The following best practices are emerging across companies and industries to build these three capabilities:
- (Re-)train leaders at all levels. Some training, for example, on how to give feedback or unconscious bias, often coincides with leaders being first-time managers. Today, there are new rules and a context that is changing rapidly. So, training — or re-training — is necessary at all levels.
- Teach performance. Training must include helping leaders understand what contributes to performance and how to diagnose issues, including the skills to collect performance data points from multiple sources. Coach leaders to focus on what matters and not on points of marginal relevance.
- Cultivate the right mindset. Train managers to understand that their perspectives start from assumptions and help them “de-bias,” having them examine their assumptions and focus on performance. Leaders will glimpse into the lifestyle of employees, and that must be judgement-free.

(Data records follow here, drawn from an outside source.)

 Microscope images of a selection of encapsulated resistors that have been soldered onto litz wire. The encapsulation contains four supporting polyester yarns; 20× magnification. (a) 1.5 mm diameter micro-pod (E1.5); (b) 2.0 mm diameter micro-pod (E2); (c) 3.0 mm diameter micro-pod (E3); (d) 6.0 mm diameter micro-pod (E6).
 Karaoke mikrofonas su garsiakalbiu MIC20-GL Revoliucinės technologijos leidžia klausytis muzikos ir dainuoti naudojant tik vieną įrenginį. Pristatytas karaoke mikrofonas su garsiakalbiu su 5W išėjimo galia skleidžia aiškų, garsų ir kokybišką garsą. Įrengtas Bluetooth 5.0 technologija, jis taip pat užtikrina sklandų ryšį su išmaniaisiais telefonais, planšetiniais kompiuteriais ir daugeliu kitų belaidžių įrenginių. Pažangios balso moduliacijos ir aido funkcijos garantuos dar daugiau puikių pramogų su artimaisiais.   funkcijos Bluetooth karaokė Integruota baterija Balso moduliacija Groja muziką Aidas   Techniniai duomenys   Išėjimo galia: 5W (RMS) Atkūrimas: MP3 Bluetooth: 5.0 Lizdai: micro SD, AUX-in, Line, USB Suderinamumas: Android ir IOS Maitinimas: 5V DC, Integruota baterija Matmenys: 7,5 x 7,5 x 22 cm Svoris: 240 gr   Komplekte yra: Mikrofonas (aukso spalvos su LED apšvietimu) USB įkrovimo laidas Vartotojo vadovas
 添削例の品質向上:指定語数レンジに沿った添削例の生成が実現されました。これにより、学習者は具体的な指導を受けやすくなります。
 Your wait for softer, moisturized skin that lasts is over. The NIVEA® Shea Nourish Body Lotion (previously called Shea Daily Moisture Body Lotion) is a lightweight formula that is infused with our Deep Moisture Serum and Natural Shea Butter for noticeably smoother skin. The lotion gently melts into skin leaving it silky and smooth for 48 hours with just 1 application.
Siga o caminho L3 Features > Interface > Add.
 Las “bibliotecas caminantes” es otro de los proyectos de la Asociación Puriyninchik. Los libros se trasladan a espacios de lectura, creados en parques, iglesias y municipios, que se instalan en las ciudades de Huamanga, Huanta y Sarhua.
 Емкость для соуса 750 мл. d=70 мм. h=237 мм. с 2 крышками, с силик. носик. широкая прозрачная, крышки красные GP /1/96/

- New habits for the new work context. Managers need to appreciate that being remote can be more challenging, but simple practices can help. For example, leveraging technology to show when you are available or inviting reactions in harder-to-read remote environments are simple strategies leaders can adopt to build the right environment.
- Lean into complexity. Leaders don’t build psychological safety with one offsite. They don’t guarantee the accuracy of performance assessment with one unconscious bias training. Some feedback is likely to fall flat, even if you have taught the model well, especially working remotely. So, be honest with leaders about the complexity of hybrid and the need to continuously build these skills.
- Beware the double-edged sword of technology. Training must cover the opportunities and risks of technology. Leaders can now send team members into breakouts at the click of a button. They can practice inclusive leadership with an instant message in the chat when a team member demonstrates behavior they want to encourage. But technology can also be limiting. The idea is to understand the employee experience with myriad technology solutions available and monitor the effectiveness of different approaches.
Workers have a huge potential to increase their job satisfaction by being hybrid: time saved, costs avoided, flexibility enhanced. And it offers organizational benefits like access to talent and reduced overhead costs. But if productivity falls, through a failure to maintain performance, employee burnout or suspicions and misconceptions about worker commitment, the hybrid experiment — which offers so much potential — will fail. Make sure it doesn’t. Equip leaders to lead in a hybrid world.